The point is, every man needs to have a prostate test at some point, and that point differs for each man. Therefore you should work with your physician and consider your unique state of health, along with the risk factors already mentioned, and the fact that age is the most common risk factor, with nearly 63 percent of cases occurring in men age 65 and older.
Prostate cancer screening typically involves two procedures. One is the digital rectal exam, during which a doctor inserts a gloved, lubricated finger into the rectum. It takes about a minute or so for the doctor to feel the prostate through the wall of the rectum and to check for any suspicious lumps, as well as for any abnormalities in the glands shape or size. While it is not the most comfortable procedure you will ever experience, it usually is not painful and is over rather quickly. (By the way, women also have DREs to check for abnormalities in their reproductive organs. DREs are also used to check for colon polyps.)

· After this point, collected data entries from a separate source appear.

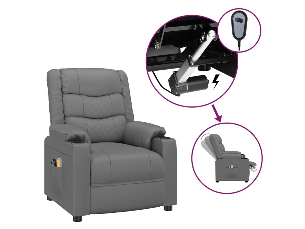 Elektrické masážní křeslo šedé umělá kůže 3143459
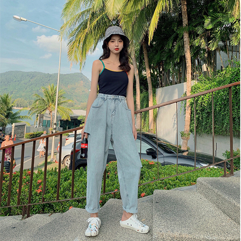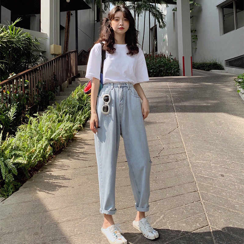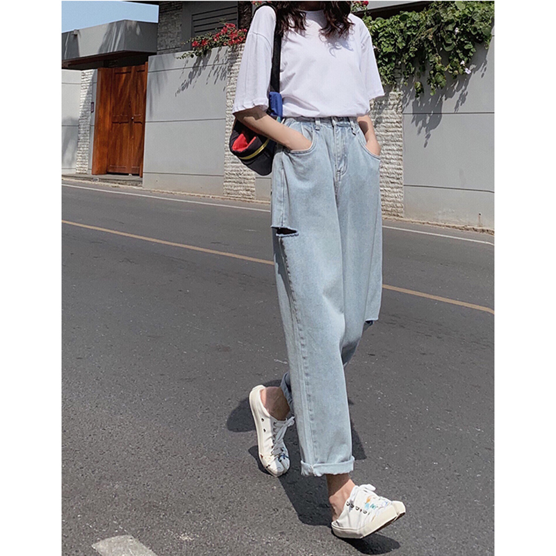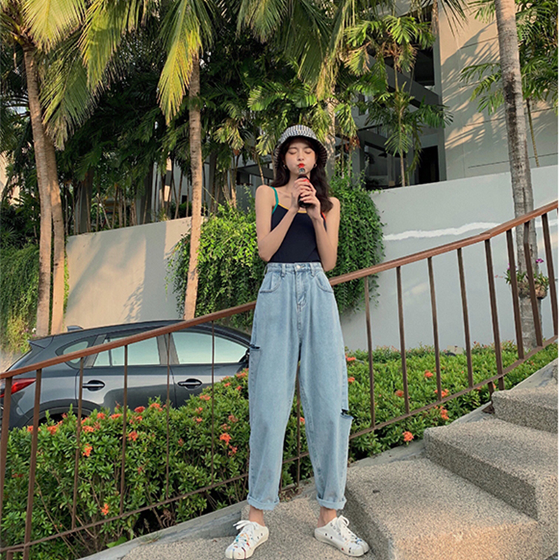 Y7575-图片色韩版时尚薄款高腰复古破洞阔脚哈伦裤 牛仔裤热裤
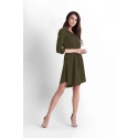 Sukienka ma koszulową górę - ma standardowy kołnierzyk i dekolt w kształcie litery V.
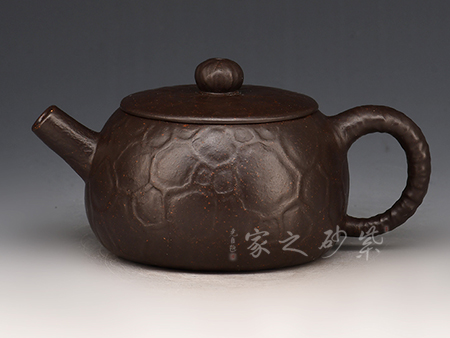 黑朱泥,是紫砂朱泥中的一種泥,是黃龍山礦層中間一層,稱為黑朱泥,此款泥料制作出來的紫砂作品,漂亮,好養(yǎng),把玩易上手
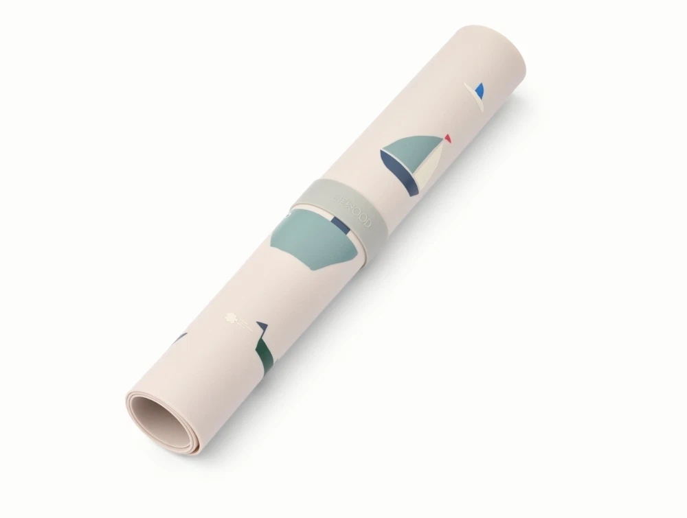 Liewood Jude dækkeserviet i sandy med sailing printLiewood Jude dækkeserviet i silikone rullet sammen

The prostate-specific antigen (PSA) test involves taking a small blood sample and having it tested for the level of the antigen. PSA is a substance produced mostly by the prostate that may be present in elevated amounts in men who have prostate cancer. However, high PSA levels can also be an indication of noncancerous conditions, such as an enlarged prostate (benign prostatic hyperplasia, or BPH) or prostatitis.
Prostate tests are not foolproof, however, so you should have a discussion with a trusted, knowledgeable healthcare provider to determine the best time for you to be screened. During that discussion your healthcare provider should inform you about the risks of prostate screening.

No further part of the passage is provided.